King retained a record deal with Epic Records, who wanted him to sing for Jeff Beck, but he declined. He cofounded Flogging Molly and asked to be released from his Epic contract.

Flogging Molly continues to record and tour, reaching No. 4 on the Billboard 200 and No. 1 on the Billboard Indie Chart over the years.
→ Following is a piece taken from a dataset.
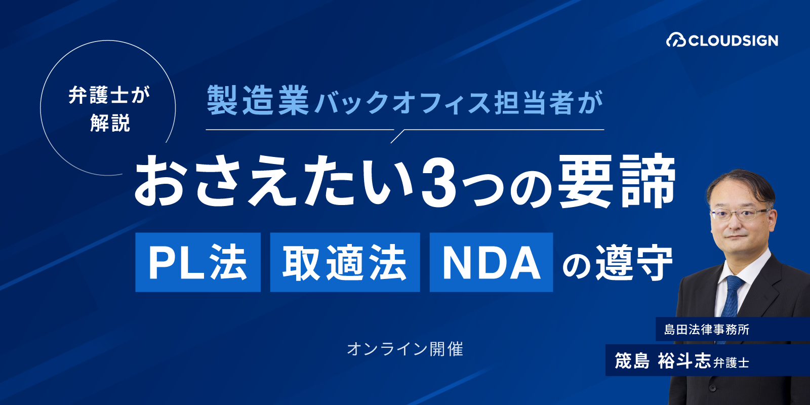 本セミナーでは、複数の著書を執筆してこられた弁護士の筬島先生をお招きし、特にリスクが高く、実務対応が求められるPL法(製造物責任法)、取適法(旧:下請法)、NDAの3点に焦点を当てて徹底解説します。

On March 20, 2024, Dave and Flogging Molly covered The Pogues' "The Old Main Drag" at the Sinéad & Shane (billed as "a St. Paddy's Celebration of Sinéad O'Connor and Shane MacGowan") at Carnegie Hall concert in New York City.

Flogging Molly followed up their summer 2024 European tour with a headlining run in the US in September/October.

==Personal life==
King is married to musician and bandmate Bridget Regan. On February 5, 2025, the band announced the cancellation of their ongoing tour due to King suffering from a 'very serious health condition.' On March 17, 2025, King’s wife, Bridget, posted to social media announcing that King had had undergone multiple surgeries after suffering a brain hemorrhage, before spending two weeks in a coma, and that he was recovering at the Beaumont Hospital in Dublin.

With King on the mend, the group announced they would be performing again at the 2026 Warped Tour for all five dates along with their 2026 Salty Dog Cruise. However, on April 8, 2026, the band announced that they were cancelling their appearances at the Warped Tour citing health concerns with King but stated they still planned to appear on the Salty Dog Cruise.